Der zweite Teil des Pakets sei für den längerfristigen Umbau der Wirtschaft vorgesehen. Hierbei solle ein Schwerpunkt gesetzt werden auf Maßnahmen gegen den Klimawandel, die Digitalisierung und eine größere Widerstandskraft gegen künftige Schocks. Zu einer stärkeren Resilienz gegen unvorhergesehene Ereignisse wie Pandiemien zähle auch, „einen Teil der Produktion nach Europa zurückzuverlagern“, sagte Breton, etwa bei der Medikamentenherstellung.
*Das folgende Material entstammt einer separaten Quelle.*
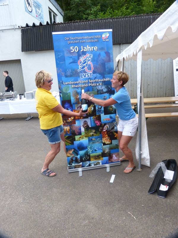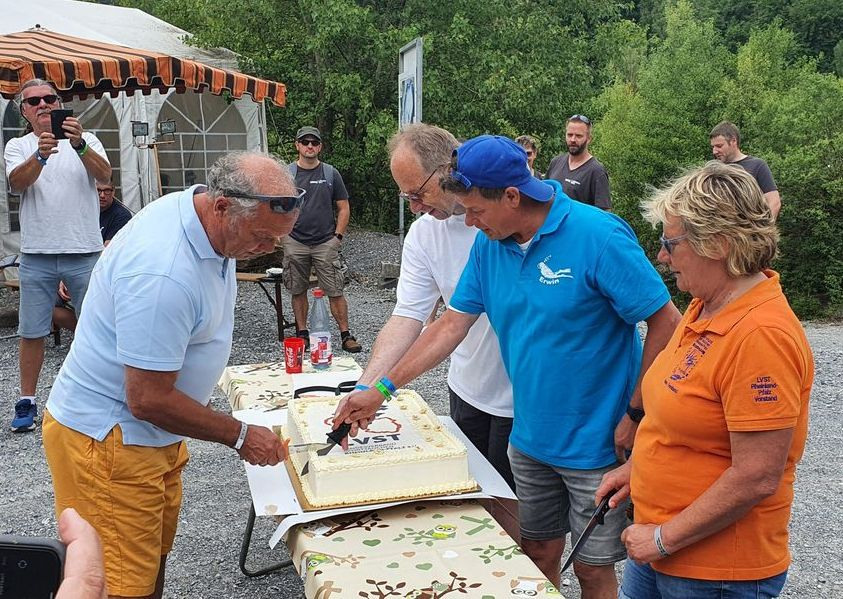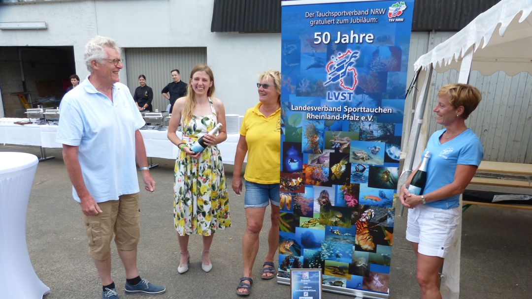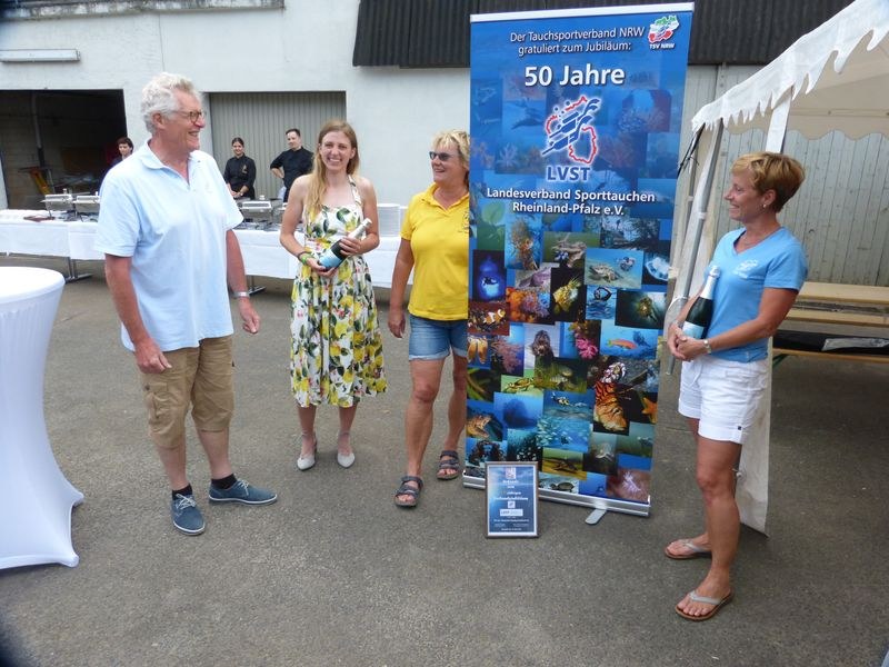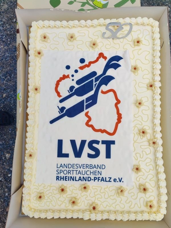 Bevor aber mittags die Geburtstagstorte, diesmal mit vereinten Kräften, angeschnitten wurde, wurde Peter Gaa, der seit vielen Jahren als Ausbilder im LVST tätig ist, ist mit der goldenen Ehrennadel des LVST ausgezeichnet. Die Laudatio hielt LVST-Präsidentin Ines. An diesem Tag war auch VDST-Präsident Uwe Hoffmann da. Er hatte natürlich auch ein Präsent für den Landesverband dabei und half nachher tatkräftig beim Tortenanschnitt mit. Zuvor erinnerte Erwin aber an die Gründer des LVST, die zum ersten Mal die rheinland-pfälzischen Tauchvereine unter einen Dachverband organisiert haben – und so letztendlich dieses Jubiläum erst ermöglicht haben.

Bei dieser längerfristigen Förderung seien Kredite das geeignete Instrument. Zur Finanzierung der Corona-Hilfen sollen die Mitgliedstaaten höhere Beiträge in den siebenjährigen EU-Haushalt einzahlen als bisher geplant. Der Entwurf der EU-Kommission zur Ausgestaltung der Hilfen wird für Anfang Mai erwartet.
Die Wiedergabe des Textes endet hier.